El resurgimiento de la minería en la Península Ibérica ha provocado un estado de tensión entre las comunidades locales y varios grupos ecologistas. La posible apertura o reapertura de proyectos mineros ha despertado preocupaciones sobre los daños irreparables que podrían causar al medio ambiente, incluidos los hábitats, los ecosistemas y las comunidades locales.

El «nuevo boom» de la minería comenzó en 2008, impulsado por el aumento de los precios de los metales.
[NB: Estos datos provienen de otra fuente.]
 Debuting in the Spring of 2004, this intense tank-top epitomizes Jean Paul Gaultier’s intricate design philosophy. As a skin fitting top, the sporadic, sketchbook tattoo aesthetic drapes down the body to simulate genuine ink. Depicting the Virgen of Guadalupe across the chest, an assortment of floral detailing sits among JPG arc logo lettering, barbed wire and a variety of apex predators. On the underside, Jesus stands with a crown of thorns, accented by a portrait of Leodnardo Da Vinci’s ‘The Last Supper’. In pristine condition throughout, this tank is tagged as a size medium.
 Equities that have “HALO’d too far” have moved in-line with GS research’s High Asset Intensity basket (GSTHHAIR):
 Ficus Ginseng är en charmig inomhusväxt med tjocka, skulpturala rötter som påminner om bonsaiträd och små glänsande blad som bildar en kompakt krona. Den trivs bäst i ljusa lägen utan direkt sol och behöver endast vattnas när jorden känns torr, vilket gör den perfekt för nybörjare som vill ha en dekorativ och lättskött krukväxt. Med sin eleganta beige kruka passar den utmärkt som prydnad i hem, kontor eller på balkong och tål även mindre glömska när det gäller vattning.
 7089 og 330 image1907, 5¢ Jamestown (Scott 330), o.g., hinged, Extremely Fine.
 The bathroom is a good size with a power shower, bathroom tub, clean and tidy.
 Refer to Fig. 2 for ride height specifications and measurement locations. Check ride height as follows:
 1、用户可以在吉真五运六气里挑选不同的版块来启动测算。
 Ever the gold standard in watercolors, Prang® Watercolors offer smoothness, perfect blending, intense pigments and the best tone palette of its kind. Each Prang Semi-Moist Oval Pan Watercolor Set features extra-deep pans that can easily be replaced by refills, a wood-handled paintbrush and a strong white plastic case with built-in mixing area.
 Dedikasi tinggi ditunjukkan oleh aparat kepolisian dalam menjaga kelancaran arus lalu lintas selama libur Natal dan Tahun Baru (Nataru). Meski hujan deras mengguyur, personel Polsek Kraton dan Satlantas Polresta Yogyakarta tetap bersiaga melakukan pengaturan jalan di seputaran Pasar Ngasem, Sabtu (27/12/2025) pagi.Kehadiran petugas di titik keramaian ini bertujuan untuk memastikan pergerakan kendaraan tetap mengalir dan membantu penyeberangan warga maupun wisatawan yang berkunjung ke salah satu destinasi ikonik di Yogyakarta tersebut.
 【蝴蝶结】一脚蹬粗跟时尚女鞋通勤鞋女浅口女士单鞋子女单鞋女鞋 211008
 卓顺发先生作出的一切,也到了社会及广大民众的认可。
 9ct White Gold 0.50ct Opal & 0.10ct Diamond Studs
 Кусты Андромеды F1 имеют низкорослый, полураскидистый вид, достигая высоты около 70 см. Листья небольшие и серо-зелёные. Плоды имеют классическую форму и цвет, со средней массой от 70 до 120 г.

Esto fue después de que la minería metálica en la región sufriera un colapso a finales de los años 80 debido a la caída de los precios, según Joám Evans, portavoz de Ecologistas en Acción (EA).

La legislación española contempla dos tipos de derechos mineros para la minería metálica. El primero son los permisos de investigación, que según Evans, suman literalmente unos 2.000 o incluso más. El segundo son las concesiones de explotación, independientemente de si la mina está activa o no. Sin embargo, muchos de estos permisos de investigación son totalmente especulativos, con empresas canadienses y australianas a menudo detrás de ellos, buscando accionistas para la especulación bursátil.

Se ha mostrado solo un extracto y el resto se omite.